EXERCISE DESCRIPTION → Given these entries, repeat exactly the lines starting with the one that has "Contents: The Birds" and going on through the one that has "Two Steam Punk", both included, but none of the pictures.

DATA RECORDS →
-=-=-=-=-
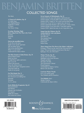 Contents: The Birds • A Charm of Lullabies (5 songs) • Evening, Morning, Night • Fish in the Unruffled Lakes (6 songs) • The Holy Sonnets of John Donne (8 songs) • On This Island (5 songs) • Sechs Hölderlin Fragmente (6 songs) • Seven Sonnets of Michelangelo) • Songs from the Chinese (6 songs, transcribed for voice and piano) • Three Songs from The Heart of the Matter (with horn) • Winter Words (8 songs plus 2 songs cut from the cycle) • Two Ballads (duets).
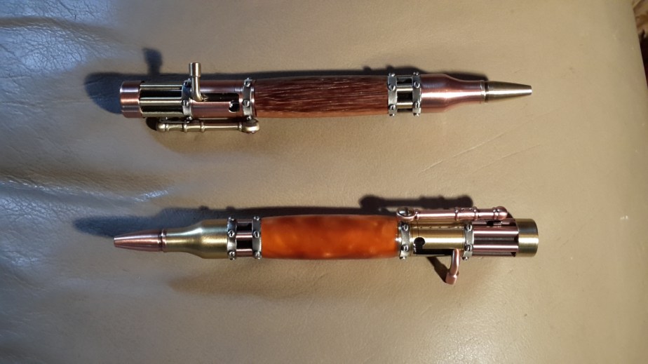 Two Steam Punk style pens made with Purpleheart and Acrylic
-=-=-=-=-
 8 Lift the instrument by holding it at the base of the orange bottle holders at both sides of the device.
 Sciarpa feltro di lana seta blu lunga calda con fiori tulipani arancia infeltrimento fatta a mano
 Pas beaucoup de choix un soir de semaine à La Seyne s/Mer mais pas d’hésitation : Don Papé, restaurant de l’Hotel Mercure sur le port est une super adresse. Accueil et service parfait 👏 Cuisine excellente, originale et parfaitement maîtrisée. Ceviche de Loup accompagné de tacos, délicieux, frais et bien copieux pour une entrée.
-=-=-=-=-
SOLUTION TO THIS PROBLEM →
 Contents: The Birds • A Charm of Lullabies (5 songs) • Evening, Morning, Night • Fish in the Unruffled Lakes (6 songs) • The Holy Sonnets of John Donne (8 songs) • On This Island (5 songs) • Sechs Hölderlin Fragmente (6 songs) • Seven Sonnets of Michelangelo) • Songs from the Chinese (6 songs, transcribed for voice and piano) • Three Songs from The Heart of the Matter (with horn) • Winter Words (8 songs plus 2 songs cut from the cycle) • Two Ballads (duets).
 Two Steam Punk style pens made with Purpleheart and Acrylic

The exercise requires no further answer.